Cell Phones on Airplanes Dangerous? We Don't Know

ByABC News
March 3, 2006, 2:26 PM

March 3, 2006 -- -- Boiled down to its essence, the ongoing debate about whether cell phones and other personal electronic devices could ever pose a true risk to the safety of an airline flight by messing with the cockpit displays comes down to this: We still don't know.

Yes, a new study just published validates that airline cabins are full of radio energy emitted by cell phones, DVD players and portable GPS devices, but we already knew this.

While the recommendations of a research team at Carnegie Mellon University are largely right (we need more research and more money for the NASA reporting system in aviation; and we need to harmonize airborne emission standards and get the FAA and FCC to cooperate), there is still no definitive evidence that the electronic gadgets we can use in flight (though are not necessarily permitted to) can pose problems.

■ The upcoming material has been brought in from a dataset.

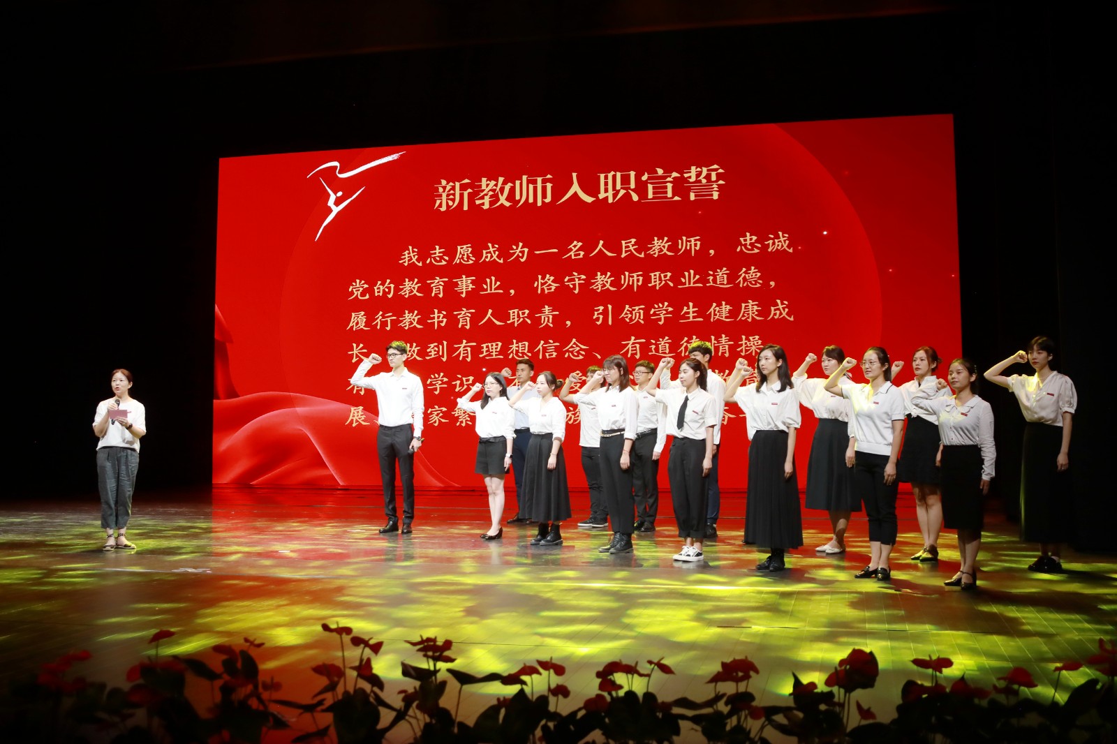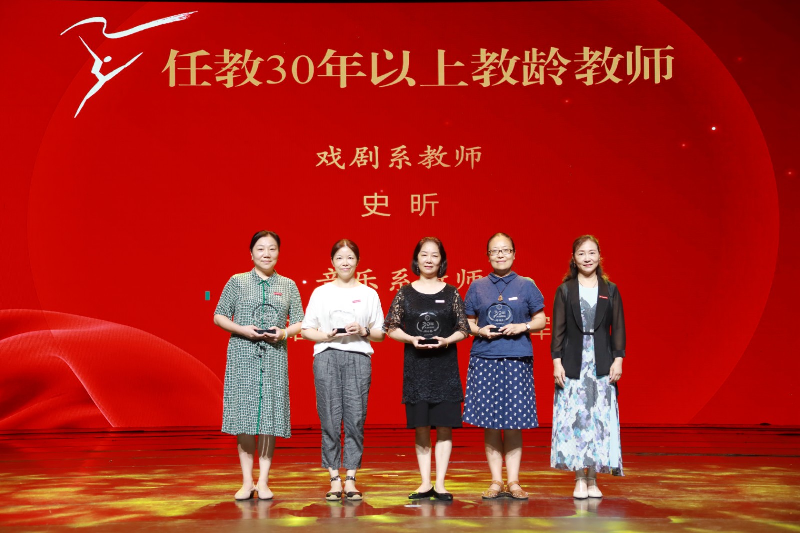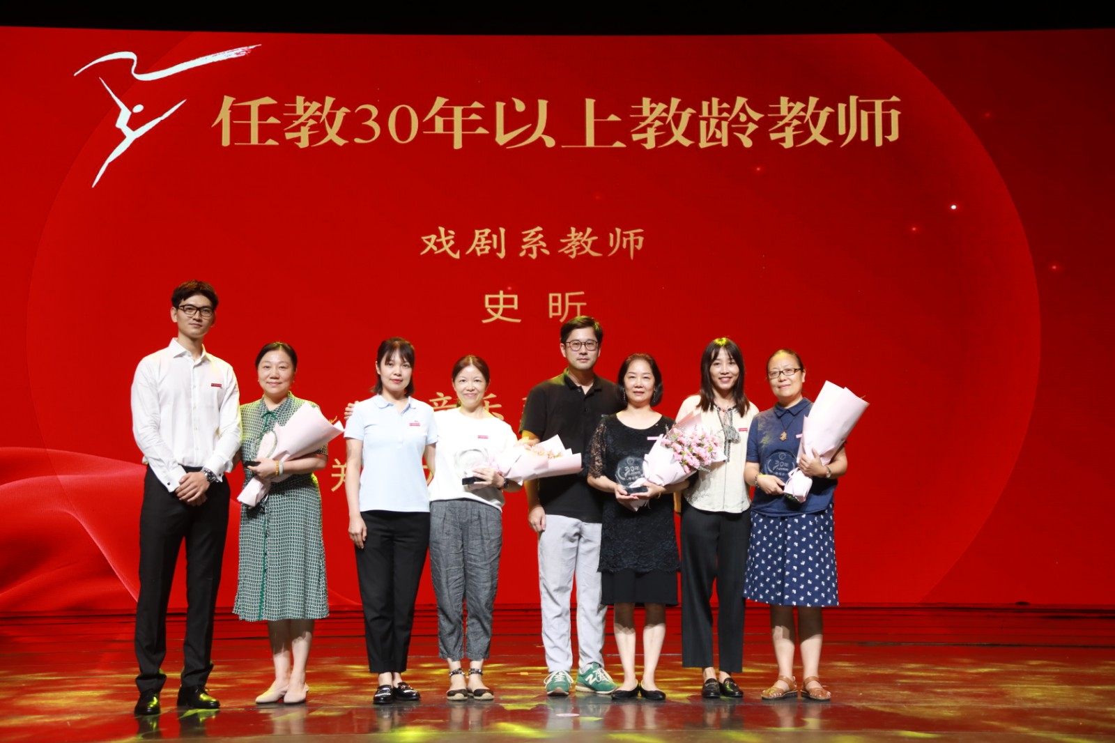 大会30年教龄教师戏剧系史昕、音乐系郑难力、陈彤和邓世晖颁发纪念牌。史昕表示,能从事自己热爱的事业非常幸运,每天和充满阳光朝气的学生在一起,我们就拥有了一个不会老去的灵魂和一颗不会老去的心。希望学校的青年老师们,不断创新,培养出一批批人才,结出累累硕果。黄龙文脉代代守护,浙艺精神代代相传,现场4位青年教师为老教师献上鲜花,接续传承。陈彤带领新教师进行入职宣誓

But here's the bottom line: People will cheat. Always.

They will make clandestine phone calls on the landing approach or run devices the flight attendants told them to shut off when the plane is cruising below 10,000 feet. Depend on it. In other words, if flight safety depends on compliance in the cabin with directives to turn off or not use certain devices, then we're already operating in an unsafe system, which I do not believe is the case.

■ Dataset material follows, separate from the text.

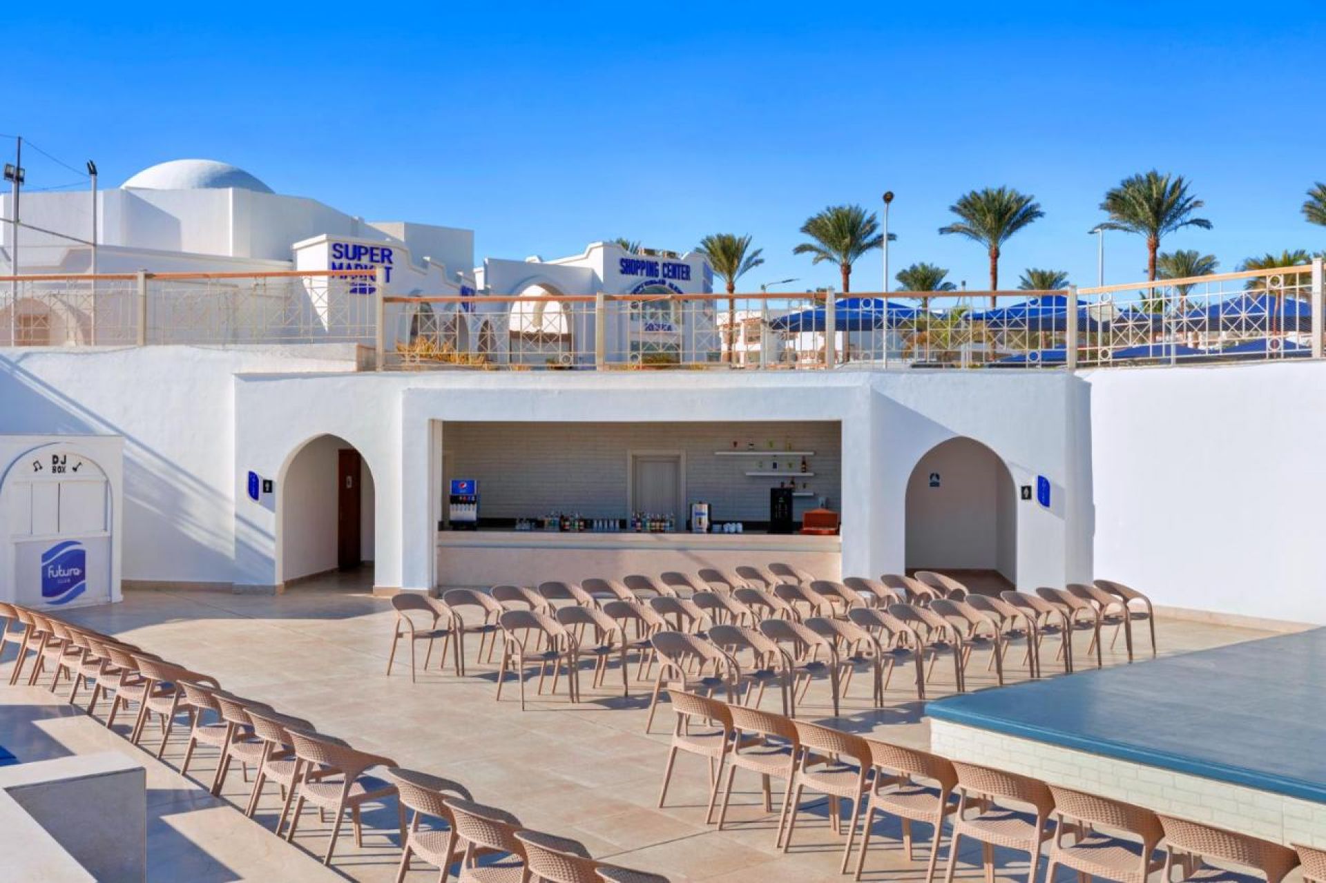 5 Основни ресторанта, 1 а-ла-карт ресторанта (италиански–1 безплатно посещение при минимум 7 нощувки), снек ресторант, 8 бара, 11 открити басейна ( 6 от които са отопляеми), аквапарк със 7 пързалки за възрастни и 7 за деца, СПА център, амфитеатър, конферетна зала.

When and if we ever do discover and validate that there is a true, no-foolin' potential for in-cabin passenger electronics to bobble or interfere with flight deck instruments, we have only two choices: completely ban devices like cell phones, DVD players, GPS units, radios -- or whatever items are found to be particularly dangerous, or beef up the invulnerability of the instruments in the cockpit so that radio interference is impossible.

The latter is the only rational solution, and achieving the status of an interference-free cockpit is already a known art.

The U.S. military has had decades of experience in "hardening" cockpit electronics so that powerful radio emissions from, for example, shipborne radars or enemy transmitters can't penetrate it.